I’m celebrating my 25th year of writing Sonderbooks with #Sonderbooks25! Tonight I’ll be looking at my 2001 Sonderbooks Stand-outs.

I already talked about my plans for #Sonderbooks25. I’m afraid it’s going to take longer than I thought, especially the first five years, before I switched formats. I’m redoing the format and now the 2001 Sonderbooks Stand-outs page takes you to a phone-friendly page. Here’s the original version. Though I’m afraid all the reviews are still in the original format, better read on a computer.

Now, my plan was to look at all the Sonderbooks Stand-outs reviews and choose one book to reread from each year’s Stand-outs. For 2001, that’s got to be The Sand-Reckoner, by Gillian Bradshaw, from my very first issue of Sonderbooks, and what may have motivated me to finally start writing Sonderbooks because I wanted to tell people about it.

(It’s going to take me a couple weeks to get to read it. I’m doing a program about this year’s book award winners for other librarians on February 19th, and I’m trying to cram as many more award winners as I can before that program.)
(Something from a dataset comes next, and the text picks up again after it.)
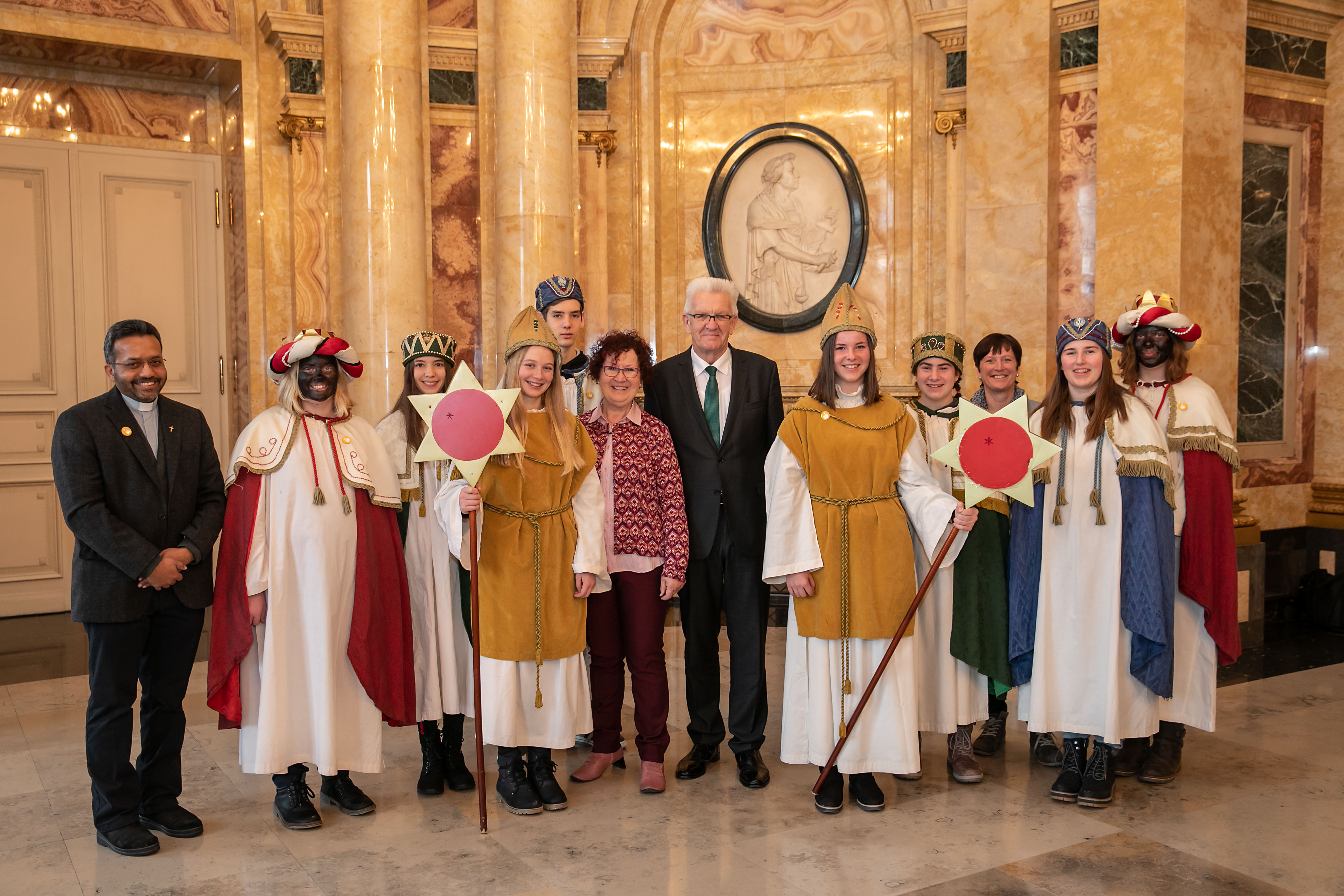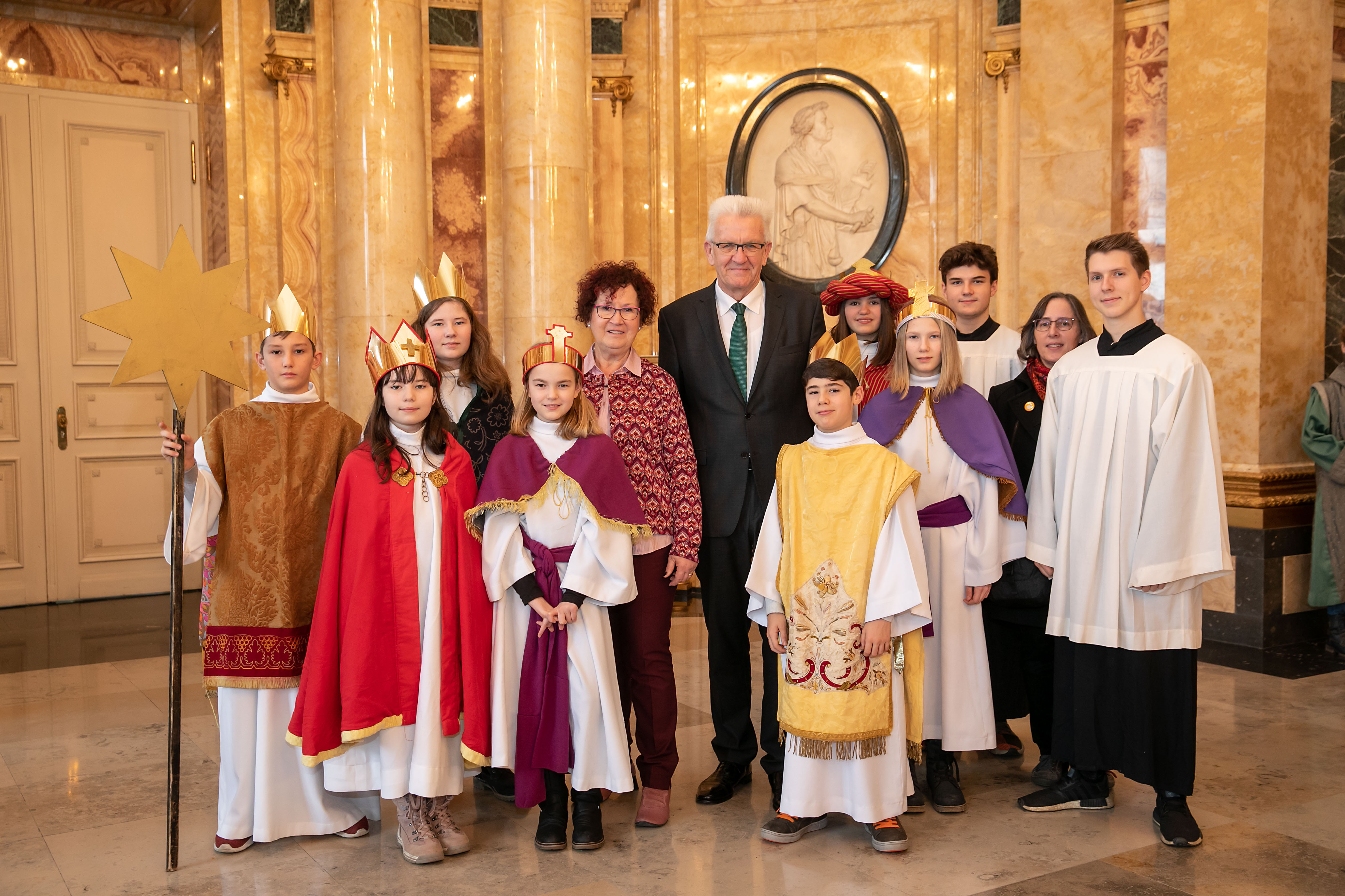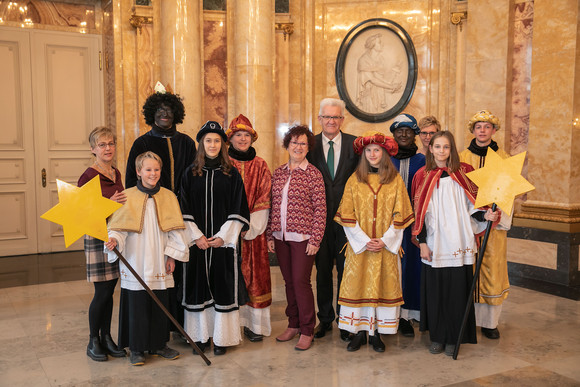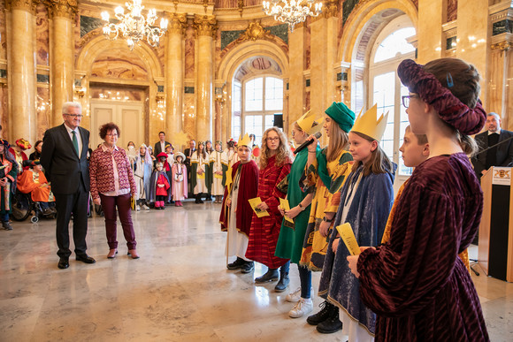 Ministerpräsident Winfried Kretschmann und seine Frau Gerlinde Kretschmann haben im Neuen Schloss in Stuttgart Sternsingerinnen und Sternsinger aus ganz Baden-Württemberg empfangen.

But I didn’t realize I’d be compelled to read *all* my reviews and pages from 2001. That was the year I turned 37, so I also reread my Project 52 posts from the year I was 36 and the year I was 37. Yikes! That’s exactly the age my oldest kid is now, in 2025! My kids then turned 13 and 7 in 2001. I was reading to Timothy’s 1st and 2nd grade classrooms every couple weeks, so the picture books I read were more geared to that age. I was still very much in love with my husband, and we were reading books to both kids at bedtime. I was then a big fan of J. K. Rowling – before she revealed herself to be a transphobe.

I began writing Sonderbooks on August 4, 2001 – so the 25th anniversary won’t happen until August 4, 2026 – which gives me time to complete this project! But 2025 is the 25th year I’m choosing Sonderbooks Stand-outs, so it seems good to start celebrating!

Sonderbooks began as an email newsletter – an “ezine” I called it. Based on the fact that all the early pages have “Copyright 2003” at the bottom – I think I didn’t make it a website until 2003.  I was working half-time at Sembach Base Library in Germany, while my husband was stationed with the USAFE Band.

So because it was an ezine, I’d write five or six reviews all at the same time, every week or two (Really! I was only working part-time then and working at a library got me reading a lot. No TV because we only got German TV.) – and the reviews were a lot shorter than what I write now, each for their own page. Here’s a page of all the Back Issues of Sonderbooks. In 2001, beginning in August, I wrote the first 18 issues.

Some interesting things about those early issues:

On Sonderbooks #7, I started posting an Old Favorite with every issue. Now that I was writing about books, I wanted to mention the books I’d come back to time and time again. I didn’t necessarily reread them for the issue, but it looks like posting about them usually got me to go back and reread them. But there were so many great books I reread in 2001 because of that, I gave them separate listings in the 2001 Sonderbooks Stand-outs.  [And I want to reread them ALL again now!]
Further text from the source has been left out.